Bild: Der Staat duldet keinen Protest: der Moskauer Bürgermeister Sergei Sobya…
Moskau taz | „Die Wahl verlief reibungslos und störungsfrei“, so bilanziert
der Moskauer Bürgermeister Sergei Sobjanin die [1][dreitägige Wahl des
Moskauer Stadtparlaments]. Er hätte auch sagen können, die Wahl sei völlig
unbemerkt verlaufen. So unauffällig, als hätte es gar keine Wahl gegeben.
Denn an sich gab es auch keine Wahl in Russland. Es wurden zwar quer durchs
Land – oft mit mehr als 80, manchmal sogar 90 Prozent – neue Gouverneure
bestimmt, die ihre vorherige Stellung weiterführen dürfen.
Es wurden Lokalabgeordnete bestätigt oder neu auf die Posten gesetzt, und
auch Stadträte ins Amt befördert oder in diesem Amt belassen. Eine
wirkliche Wahl aber haben die Menschen seit Jahren nicht. Diese Abstimmung
jedoch zeigte besonders eindrücklich, wie der politische Prozess einer Wahl
praktisch vor den Augen der Wähler*innen hingerichtet wird.
Seit vergangenem Freitag gaben die Menschen ihre Stimmen ab. Meist online.
Um im Wahllokal abzustimmen, mussten sie sich – auch das meist online –
anmelden. So saßen manche Wahlleiter*innen in den Wahllokalen tagelang
nur herum, aber es kam niemand, um sein Kreuz auf einem Zettel zu machen.
In Moskau waren 44 Plätze des städtischen Parlaments zu besetzen.
Sicher drin sind der Sohn eines kremlloyalen Sängers, die Direktorin des
Theaters der russischen Armee, eine mehrmalige Weltmeisterin und
Europameisterin im Eiskunstlauf. Kandidat*innen, die der Staatsmacht genehm
sind. Unbequeme Kandidat*innen hatten gar nicht erst die Chance,
überhaupt zur Wahl zugelassen zu werden.
## Restriktionen für Oppositionelle
Seit Mai darf kein sogenannter [2][ausländischer Agent] bei Wahlen
teilnehmen. Die so Gebrandmarkten dürfen nicht einmal über die Wahl reden,
auch keine Kandidat*innen unterstützen, sonst bekommen auch diese ein
Problem mit der Staatsmacht. Wollen oppositionell Gesinnte sich zur Wahl
registrieren lassen, laufen sie Gefahr, auf der Liste der „Agenten“ zu
landen.
Damit wird ihr Leben bürokratisch erschwert, politisch sowieso.
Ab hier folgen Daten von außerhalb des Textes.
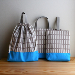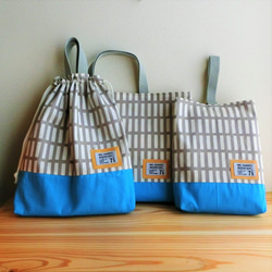 【送料無料】レッスンバッグ 上履き袋 体操着袋 セット 北欧 黒ストライプ/ベージュ
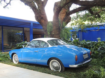 Da frente já se vê a varanda o jardim e o carro antigo estacionado.

Sie sind
letztlich geächtet im Land, müssen vor sich selbst überall warnen. So sind
sie etwa dazu verpflichtet, vor jedem ihrer Posts in den sozialen Medien,
bei Interviews und vor Veranstaltungen über ihren Status als „Agent“ zu
informieren. Tun sie das nicht, riskieren sie Strafen, auch Haft. Außerdem
müssen sie alle ihre Ausgaben auflisten und beim Justizministerium
einreichen.
Die Regionalwahl war nun die erste, bei der diese Neuerung angewendet
wurde. Sie zeigte ihre Wirkung. Kein auch nur annähernd oppositionell
kritisch eingestellter Mensch durfte antreten.
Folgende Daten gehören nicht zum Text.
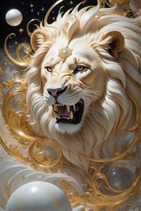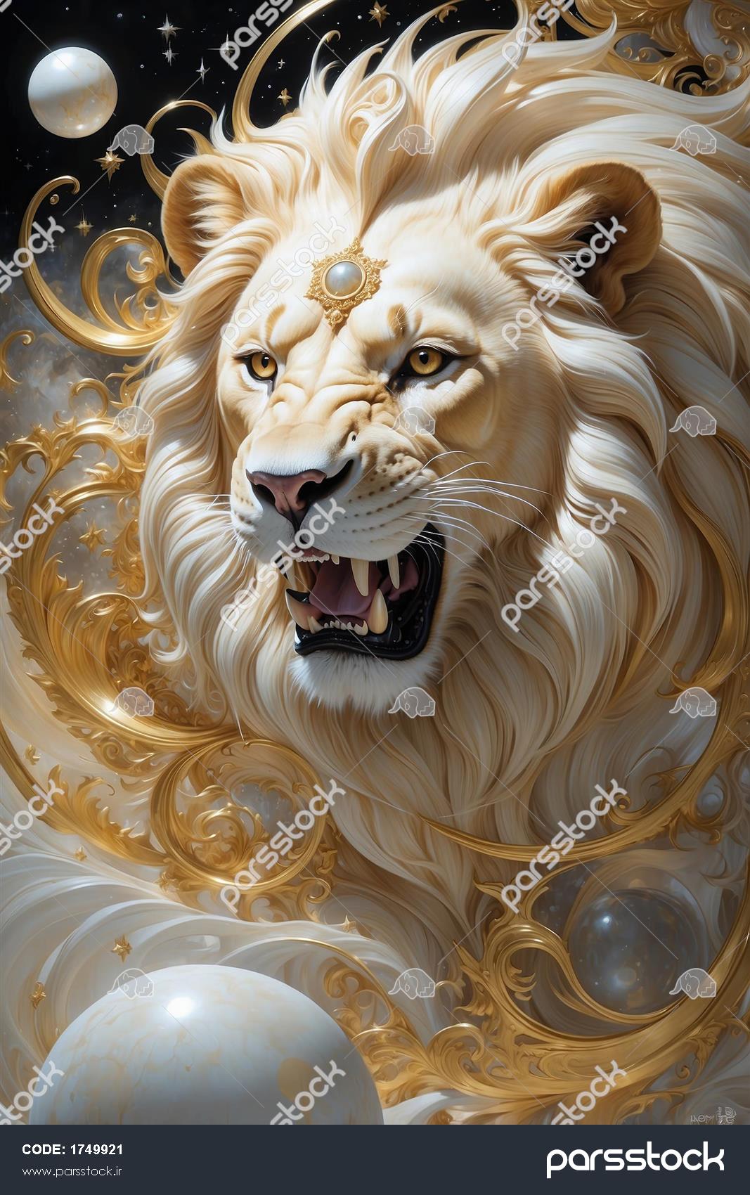 طرح شیر سفید غران با تزئینات طلا برای پوستر دیواری

Vor fünf Jahren noch waren in Moskau Zehntausende Menschen Samstag für
Samstag auf die Straßen der Hauptstadt gezogen, um ihren Unmut loszuwerden.
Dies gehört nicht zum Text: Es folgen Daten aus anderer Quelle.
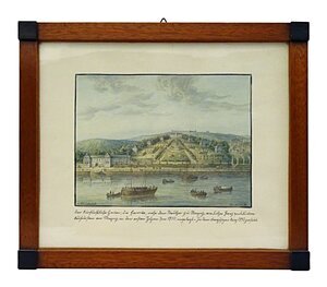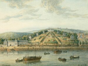 Bildunterschrift: "Der Kurfürstliche Garten, die Favorite, nahe dem Neuthor zu Mainz, von Lothar Franz von Schönborn, Kurfürsten von Mainz, in den ersten Jahren von 1700 angelegt. - In dem französischen Krieg 1793 zerstört" Das Lustschloss "Favorite" mit barocker Parkanlage wurde ab 1700 von Kurfürst Lothar Franz von Schönborn angelegt und 1793 bei der Belagerung von Mainz zerstört. Auf einem Teil des Geländes befindet sich der heutige Stadtpark.

Sie hatten die Wahl der Moskauer Stadtduma, dieser Institution, die kaum
politisches Gewicht hat, zu ihrem Ventil für den Kampf gegen systematische
politische Repressionen im Land gemacht. Vorbei die Zeiten.
## Kaum Straßenproteste
2024 geht kaum noch einer auf die Straße. Nur noch vereinzelt stehen
besonders Mutige mit ihren Plakaten bei Einzelmahnwachen in den Zentren
ihrer Städte. Sie fordern meist Freiheit für politische Gefangene und
riskieren, selbst zu solchen zu werden. Der Staat duldet keinen Protest.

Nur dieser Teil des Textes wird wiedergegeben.